Because meteorological radars are organized in continent-wide networks within a permanent and continuously operational infrastructure, they can provide standardized long-term and large-scale monitoring and quantification of aerial migrants, in addition to their meteorological products. Using such networks for following aerial migrants would exceed the spatial and temporal coverage of current methods by orders of magnitude and provide essential information for groundbreaking and complementary applications, as well as answer important long-standing and novel questions in migration ecology and beyond (Kelly and Horton 2016).

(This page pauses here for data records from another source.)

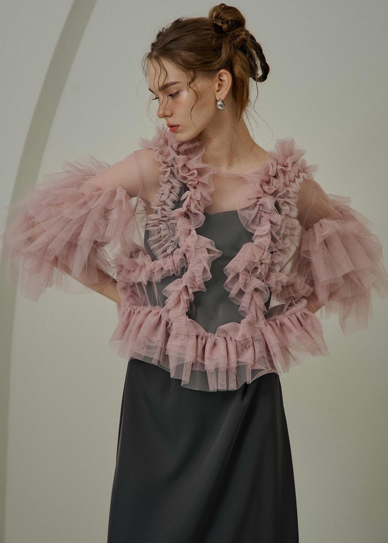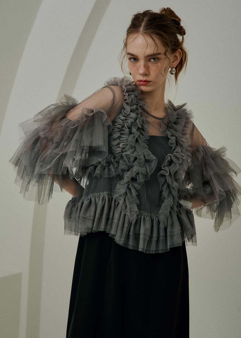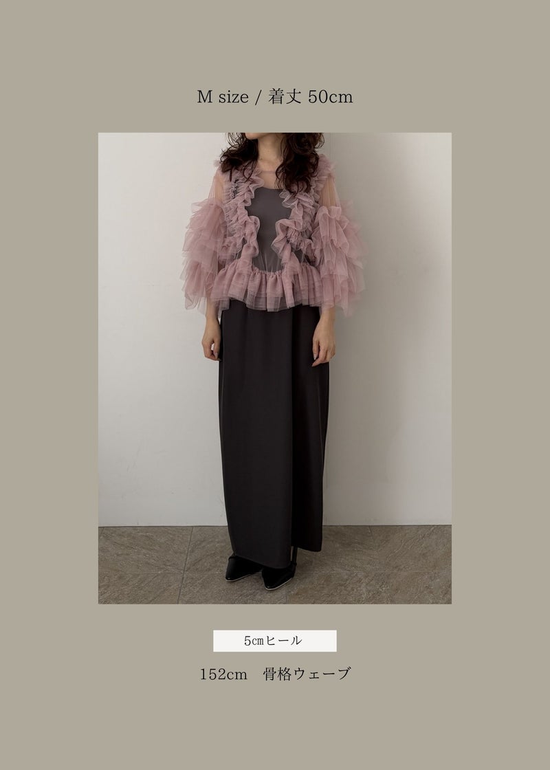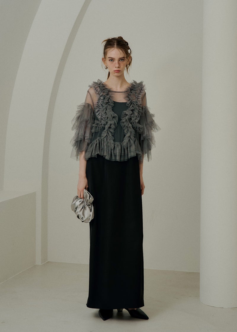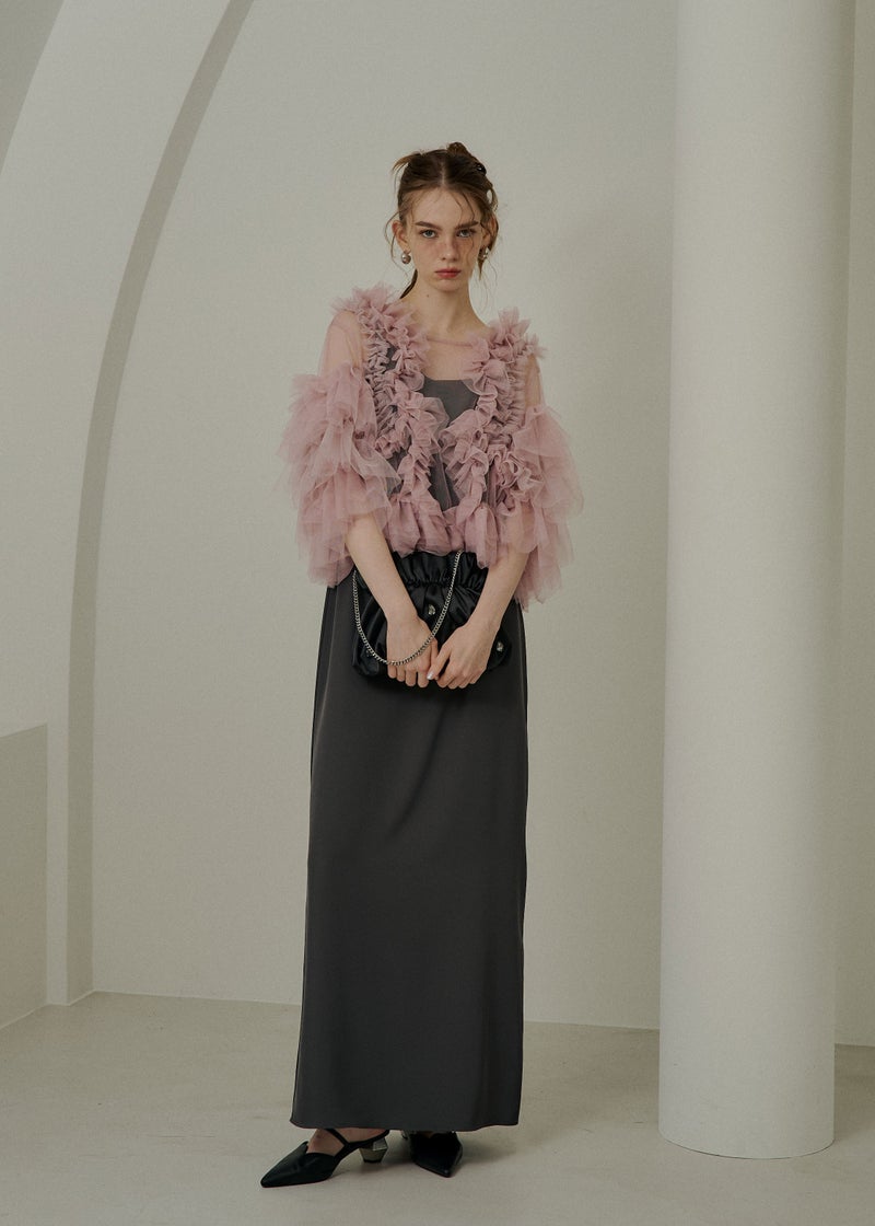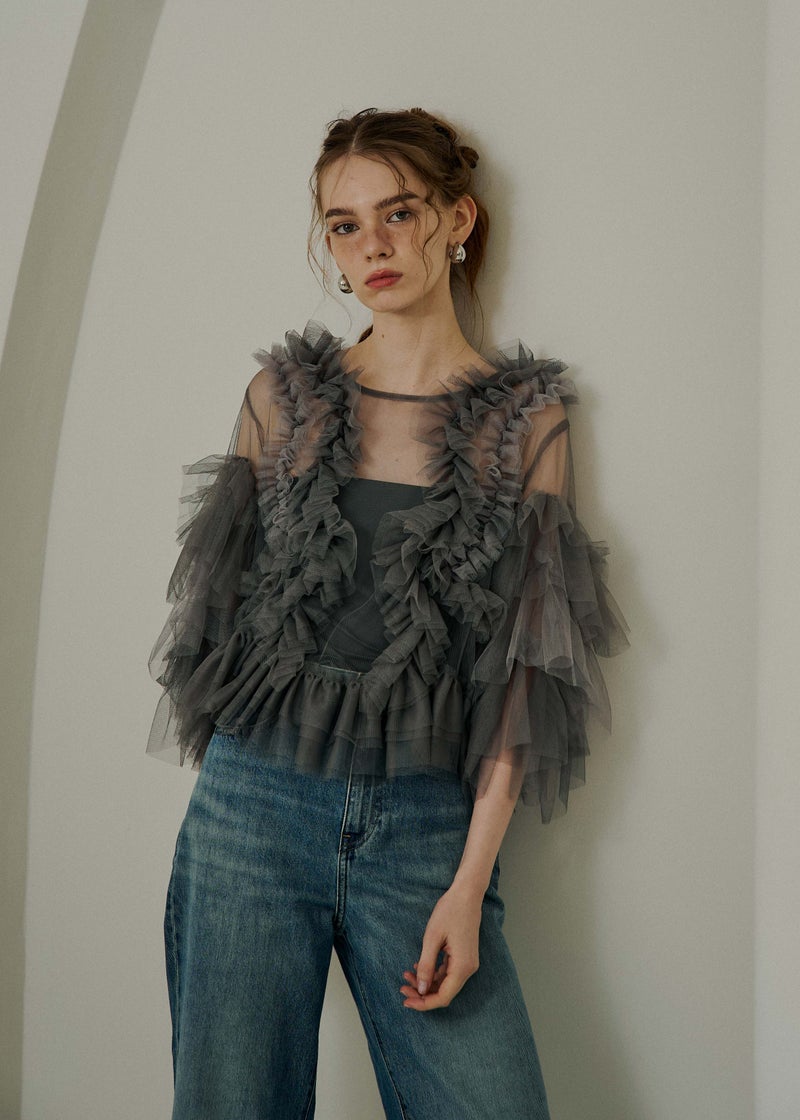 空気を纏うような軽やかなチュールに柔らかなフリルをPLUS+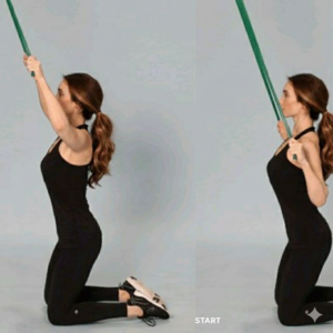 Loop a band around a pull-up bar or door anchor. Kneel or stand and pull your chest toward the anchor point.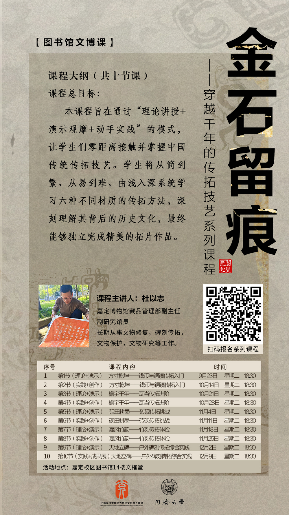报名对象:同济大学在校学生,无论你是传统文化爱好者,还是手工创作者,只要对传拓感兴趣,零基础也可报名~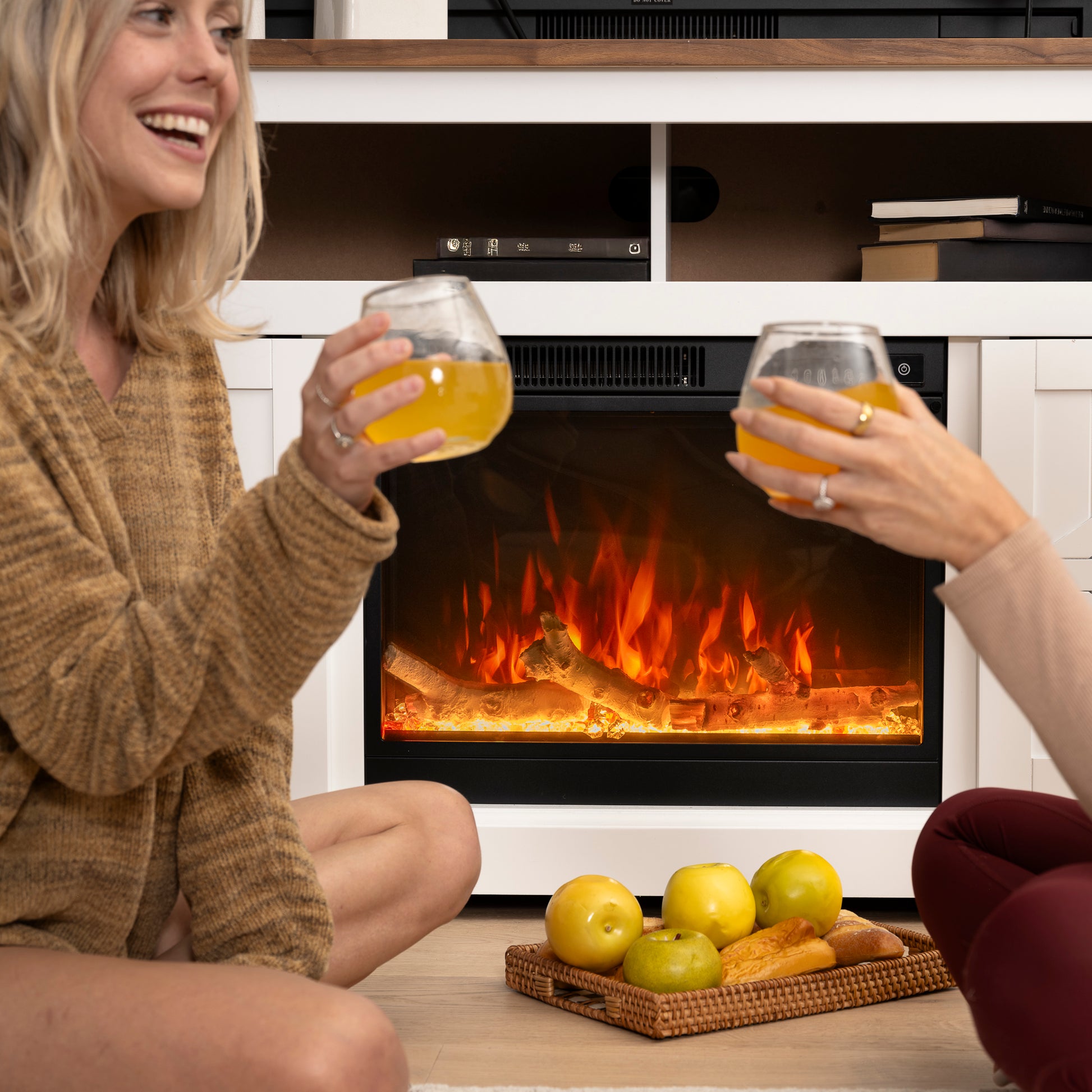 Modern TV Stand With Built-In Electric Fireplace and Customizable Flame Effects

As we will detail in the following, the products of radar networks are, or could be, relevant to a diverse array of stakeholders, including airport and windfarm operators, agricultural managers and farmers, public-health agencies, policymakers, and conservation practitioners (figure 1). However, as yet, the potential of existing radar networks has remained largely untapped for diverse reasons: First, the societal benefits of the existing radar infrastructure beyond meteorological purposes are not broadly recognized. Second, no standards have been established for quality, sharing, and archiving of “biological” radar data. Furthermore, meteorological radar operators tend to be focused on providing “clean” meteorological radar scans for aviation and short-term weather forecasting, often regarding biological signals as contamination to be removed instead of as a valuable data product. Finally, many operational applications such as early-warning systems for agriculture, flight safety, or the spread of vector-borne diseases remain to be developed.

Figure 1.

Figure 1.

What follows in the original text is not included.